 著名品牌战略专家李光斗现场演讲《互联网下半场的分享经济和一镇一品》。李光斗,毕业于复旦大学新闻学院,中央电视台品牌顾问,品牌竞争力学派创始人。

--

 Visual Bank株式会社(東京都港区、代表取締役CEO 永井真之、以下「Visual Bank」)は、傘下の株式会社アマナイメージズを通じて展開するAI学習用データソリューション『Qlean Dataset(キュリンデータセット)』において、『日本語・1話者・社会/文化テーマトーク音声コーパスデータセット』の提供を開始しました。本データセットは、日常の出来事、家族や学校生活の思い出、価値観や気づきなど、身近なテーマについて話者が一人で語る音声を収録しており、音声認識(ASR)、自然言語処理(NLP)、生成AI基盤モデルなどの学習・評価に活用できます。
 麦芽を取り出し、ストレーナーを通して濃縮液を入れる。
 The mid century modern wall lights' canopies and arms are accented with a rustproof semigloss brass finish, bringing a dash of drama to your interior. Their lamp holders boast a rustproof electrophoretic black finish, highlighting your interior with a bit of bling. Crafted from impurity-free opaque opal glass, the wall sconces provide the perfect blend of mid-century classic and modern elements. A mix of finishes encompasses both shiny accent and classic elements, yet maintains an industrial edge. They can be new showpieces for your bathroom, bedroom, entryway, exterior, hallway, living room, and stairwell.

...

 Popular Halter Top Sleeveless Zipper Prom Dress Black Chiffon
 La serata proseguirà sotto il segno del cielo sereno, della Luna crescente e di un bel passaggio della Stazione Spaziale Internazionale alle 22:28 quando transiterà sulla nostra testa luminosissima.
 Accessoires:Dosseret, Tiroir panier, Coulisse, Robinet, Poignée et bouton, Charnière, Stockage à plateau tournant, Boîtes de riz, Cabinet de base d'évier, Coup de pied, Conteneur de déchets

Your instructions
Take the lines above from the one containing "Popular Halter Top" down to the one containing "Accessoires:Dosseret, Tiroir panier, Coulisse, Robinet, Poignée", and transcribe them exactly, both ends included.

Answer space
 Popular Halter Top Sleeveless Zipper Prom Dress Black Chiffon
 La serata proseguirà sotto il segno del cielo sereno, della Luna crescente e di un bel passaggio della Stazione Spaziale Internazionale alle 22:28 quando transiterà sulla nostra testa luminosissima.
 Accessoires:Dosseret, Tiroir panier, Coulisse, Robinet, Poignée et bouton, Charnière, Stockage à plateau tournant, Boîtes de riz, Cabinet de base d'évier, Coup de pied, Conteneur de déchets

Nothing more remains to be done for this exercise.